We Americans want it all, don’t we?
Food that’s cheap but delicious. Airports that are safe yet convenient. Presidents who are smart and still say damned charming things like “misunderestimated.”
But time and again, we find we can’t have it both ways.
Just look at our reaction to the plight of Lisa Nowak, the NASA astronaut who lost her boys’ club cool last week and attacked a romantic rival with pepper spray.
While wearing a wig.
And, um, a diaper.
Police are calling it a love triangle: Nowak, a decorated Navy engineer who flew on the space shuttle Discovery in July, drove 12 hours from Houston to Orlando to confront Air Force Capt. Colleen Shipman, with whom she was competing for the affections of astronaut Bill Oefelein. She wore adult diapers so she wouldn’t have to pull over at rest stops, disguised herself in a wig and trench coat, followed Shipman to her car and then sprayed her in the eyes with pepper spray before her victim escaped and got help.

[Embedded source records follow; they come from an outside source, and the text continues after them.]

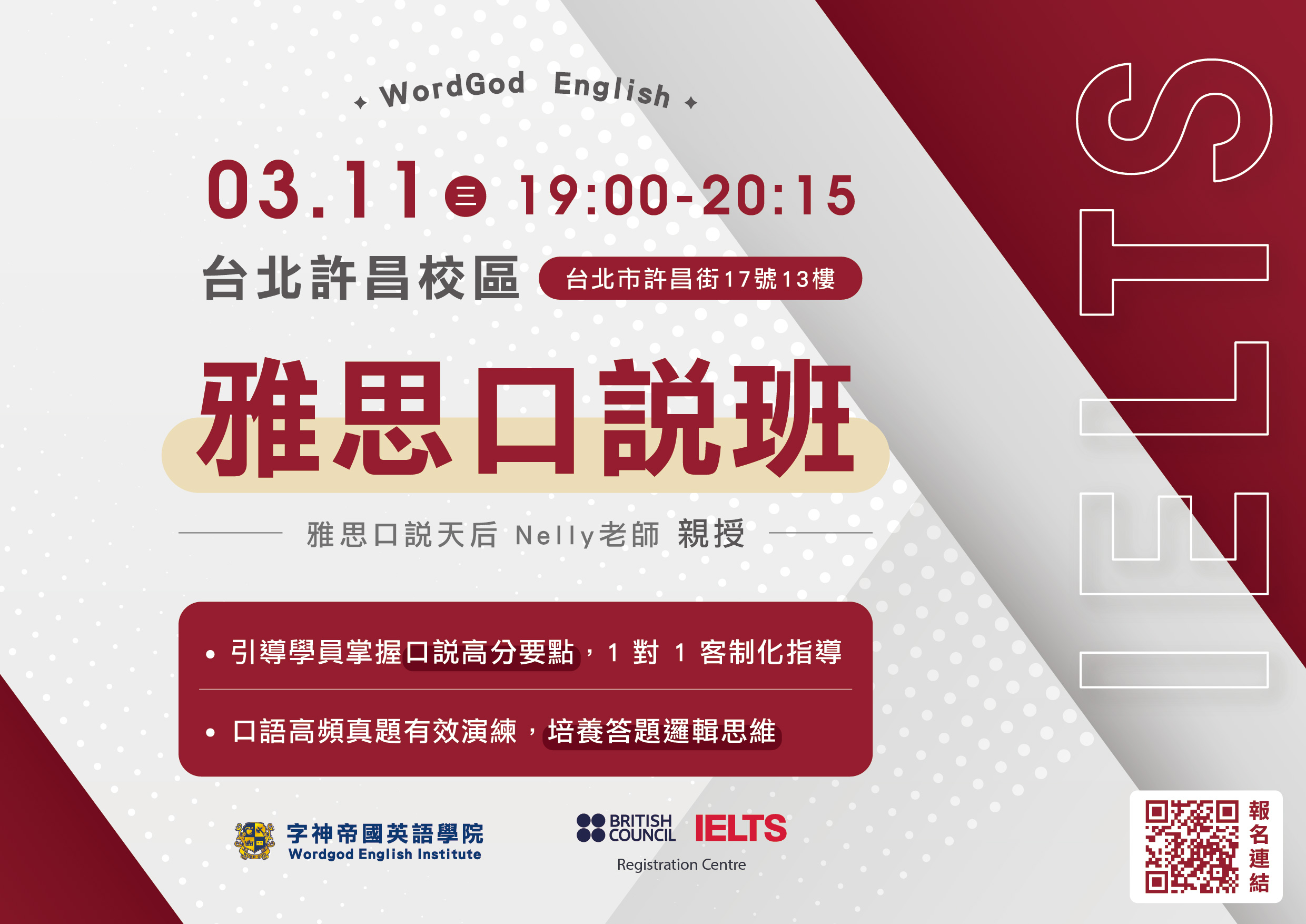 試聽地點:台北許昌分校 ( 台北市許昌街17號13樓 )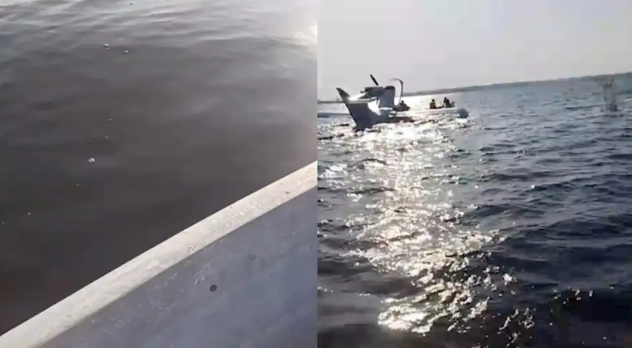 Vídeos gravados por testemunhas mostram o momento em que o homem é retirado da água, consciente e aparentemente sem ferimentos graves.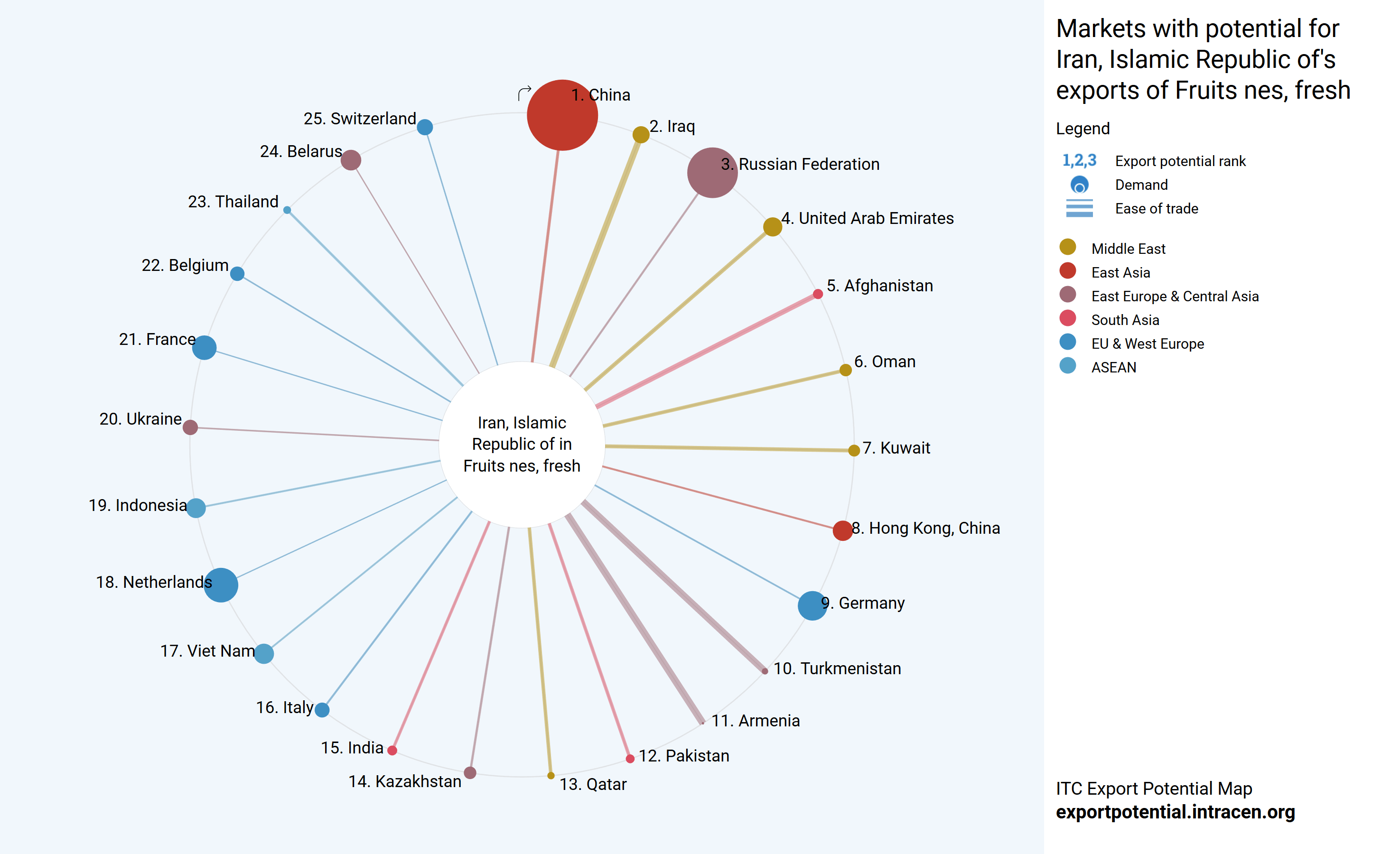 در این نمودار میزان توان و ظرفیت صادرات به کشورهای دیگر را به ترتیب عددی، که نشان دهنده ی رتبه پتانسیل صادراتی و به ترتیب اندازه دایره که نشان دهنده ی میزان تقاضای کشورها و به ترتیب پهنای خط که نشان دهنده ی سهولت معامله با آنهاست، میتوان مشاهده کرد.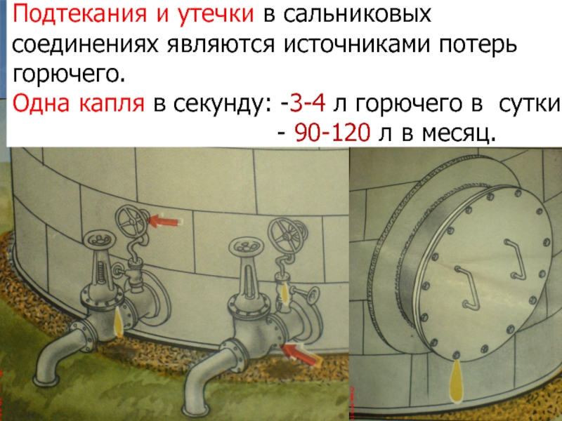 Слайд 29Подтекания и утечки в сальниковых соединениях являются источниками потерь горючего.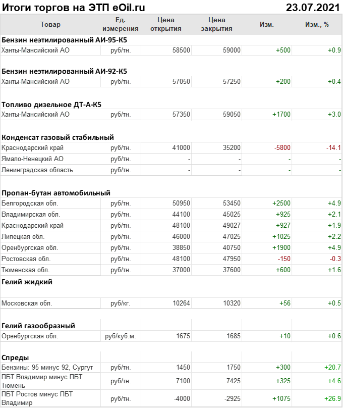 Итоги торгов на ЭТП eOil.ru с 19 по 23 июля 2021 года

Police found a BB gun in Nowak’s car, along with a four-inch folding knife, gleaming steel mallet, latex gloves, four feet of rubber tubing, garbage bags and $600 cash.
Unless she planned to construct a crude getaway parachute — or a sophisticated diaper-disposal system — it all looks bad for Nowak.
Now the 43-year-old mother of three is facing charges of attempted murder while America blithely lampoons her as a wingnut. Headlines like “Lust in Space” and “Dark Side of the Loon” topped the news story. Jay Leno joked about the aerospace engineer being the worst sort of flight risk and David Letterman offered the “Top Ten Signs an Astronaut Is Trying to Kill You.”
All of which is funny, indeed, and I’m not saying Nowak’s sane. NASA’s psychological screenings notwithstanding, I’d rather wander Fresno with Anne Heche’s alien ego than sip Tang with this mallet-wielding galaxy trotter.
But isn’t it hypocritical of us, as a nation, to mock a woman like Nowak for letting her heart guide her actions — when we revile Hillary Clinton for doing just the opposite?
The comparison between Captain Nowak and Senator Clinton may seem strained — one’s running for President and the other, thanks to a court-mandated ankle bracelet, isn’t running anywhere. But both women have attained a rare level of success in grace-under-pressure careers dominated by men. Nowak is known as “Robochick” for operating the space shuttle’s robotic arm. As the less-popular half of “Billary,” Clinton was believed to have undue influence over her husband’s presidency.
And both, now, have seen their professional achievements undermined by amorous entanglements. But if one of them horrifies the nation by hunting down the “other woman,” and the other is labeled “cold-hearted” for sticking with her philandering spouse, there appears to be a double standard at work:
When successful women have our hearts broken, we’re damned if we plot murder, and damned if we don’t.
It’s worth noting that, in love triangles, men come unhinged, too. But no one ever drags their professional life into the discussion. (If wife murderer Scott Peterson was accused of being an unfit pesticide salesman, I stand corrected.)
The hypocrisy points to an important question: How do we want our female leaders — passionate and unpredictable “like a woman,” or controlled and calculated “like a man”?
Would we, deep down, really prefer that women stay home and stop meddling in areas that were once so neatly — so masculinely — defined? Or would we simply rather the nation’s female role models abstain from the messy business of falling in love, so that we can forget they’re sexual beings entirely?
Women are multi-faceted. I love that Nowak’s NASA biography reports her hobbies as skeet shooting and growing African violets. I love how Clinton admits, in her autobiography, that her husband’s infidelity left her “furious” and “gulping for air,” but that she can still somehow manage to not assault Monica Lewinsky in a Florida parking garage.
Ultimately, a woman’s going to pursue that which makes her happiest, and no amount of public scorn is going to stop her.
For what it’s worth, though, I’d rather our next President approach life’s challenges with a poker face than a pocket knife.